From brian_osborne at cognia.com  Fri Jun  4 21:15:56 2004
From: brian_osborne at cognia.com (Brian Osborne)
Date: Sat Jun  5 20:57:07 2004
Subject: [BioSQL-l] RE: [Bioperl-l] Biosql documentation request
In-Reply-To: <3EE5990A-B653-11D8-AB9B-000A95AE92B0@gnf.org>
Message-ID: <GAEDKMGOKFBLJPKCLKCCGENCDMAA.brian_osborne@cognia.com>

Hilmar,

I went ahead and installed postgres as well as the biosql schema when I
found out that Cygwin would install postgres. Kudos to you: the installation
of postgres, postgres initialization, and biosql database creation took
about 10 minutes and I've never used postgres before. I was basically
following the INSTALL instructions. The new biosql.html has been commited.

Brian O.

-----Original Message-----
From: bioperl-l-bounces@portal.open-bio.org
[mailto:bioperl-l-bounces@portal.open-bio.org]On Behalf Of Hilmar Lapp
Sent: Friday, June 04, 2004 2:16 PM
To: Brian Osborne
Cc: Hilmar Lapp; BioPerl; Biosql
Subject: Re: [Bioperl-l] Biosql documentation request

It pretty much is the latest. Amazing, isn't it? The schema is *very*
stable.

There are a few additions in the Oracle version which aren't really
officially blessed yet (meaning, they're not in the MySQL/Pg versions
but will be soon), and none of which breaks backwards compatibility.

I'll try and see whether I can get postgres_autodoc installed over the
weekend.

Or maybe somebody on the biosql list has this setup already?

        -hilmar

On Jun 4, 2004, at 4:38 AM, Brian Osborne wrote:

> Hilmar,
>
> Neither does the ERD show nullability. The ERD is good but some useful
> information is missing, yes.
>
> The ERD is dated 6/4/2003, is this the latest version? Pardon my
> ignorance.
>
> Brian O.
>
> -----Original Message-----
> From: bioperl-l-bounces@portal.open-bio.org
> [mailto:bioperl-l-bounces@portal.open-bio.org]On Behalf Of Hilmar Lapp
> Sent: Friday, June 04, 2004 2:20 AM
> To: Brian Osborne
> Cc: bioperl-l@bioperl.org
> Subject: Re: [Bioperl-l] Biosql documentation request
>
> Brian, if I understand the output correctly it only documents the
> schema elements.
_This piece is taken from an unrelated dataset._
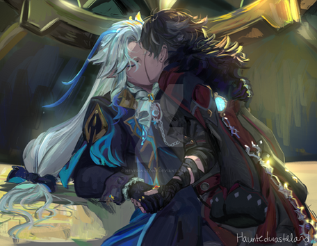 I struggled a LOT with this one. I actually wound up redrawing byleth's face about three times. Dimitri was less of a pain, but I still had to make a lot of minor adjustments (mostly because his head was wayy too big). I really want to draw actually cute dimileth one day, but today was not that day.twitter.com/neverinstone

Do you feel that the ERD (doc/biosql-ERD.pdf) does not
> fulfill this purpose well enough?
>
> The ERD diagram actually doesn't show the unique key constraints, so
> that would be a difference indeed.
>
>         -hilmar
>
> On Thursday, June 3, 2004, at 05:56  AM, Brian Osborne wrote:
>
>> Bioperl-l,
>>
>> Dave Howorth has provided a detailed critique of the bioperl-db/biosql
>> documentation which I'm working through. One thing that he noticed was
>> that
>> the Biosql file doc/biosql.html was out-of-date. This file was created
>> by
>> running a script called postgres_autodoc.pl on a Postgres instance of
>> the
>> biosql schema. Can anyone provide me with a current version of this
>> file? I
>> run biosql on Mysql myself and I haven't found a script or utility
>> equivalent to postgres_autodoc.pl. postgres_autodoc.pl is available at
>> http://www.rbt.ca/autodoc/.
>>
>> Brian O.
>>
>>
>> _______________________________________________
>> Bioperl-l mailing list
>> Bioperl-l@portal.open-bio.org
>> http://portal.open-bio.org/mailman/listinfo/bioperl-l
>>
>>
> --
> -------------------------------------------------------------
> Hilmar Lapp                            email: lapp at gnf.org
> GNF, San Diego, Ca. 92121              phone: +1-858-812-1757
> -------------------------------------------------------------
>
>
> _______________________________________________
> Bioperl-l mailing list
> Bioperl-l@portal.open-bio.org
> http://portal.open-bio.org/mailman/listinfo/bioperl-l
>
>
> _______________________________________________
> Bioperl-l mailing list
> Bioperl-l@portal.open-bio.org
> http://portal.open-bio.org/mailman/listinfo/bioperl-l
>
--
-------------------------------------------------------------
Hilmar Lapp                            email: lapp at gnf.org
GNF, San Diego, Ca. 92121              phone: +1-858-812-1757
-------------------------------------------------------------

_______________________________________________
Bioperl-l mailing list
Bioperl-l@portal.open-bio.org
http://portal.open-bio.org/mailman/listinfo/bioperl-l


From hlapp at gnf.org  Mon Jun  7 19:52:26 2004
From: hlapp at gnf.org (Hilmar Lapp)
Date: Mon Jun  7 19:55:32 2004
Subject: [BioSQL-l] How to get a Seq object from Bio::DB::Persistent::Seq
In-Reply-To: <20040603084906.GA27454@coffee.homeunix.org>
References: <20040603084906.GA27454@coffee.homeunix.org>
Message-ID: <BA627563-B8DD-11D8-A130-000A95AE92B0@gnf.org>


On Jun 3, 2004, at 1:49 AM, jochen wrote:

> Hi,
>
> I have a similar problem, namely I want to modify some sequences and
> store them back in the database, without overwriting any of the 
> original
> sequences, basically this:
>
> # retrieve an existing sequence
> my $seq = Bio::Seq::RichSeq->new( -display_id => 'something' );

Note that display_id (bioentry.name) is not constrained by a unique 
index and therefore you may easily get duplicate records (which will 
cause an exception if searching by unique key).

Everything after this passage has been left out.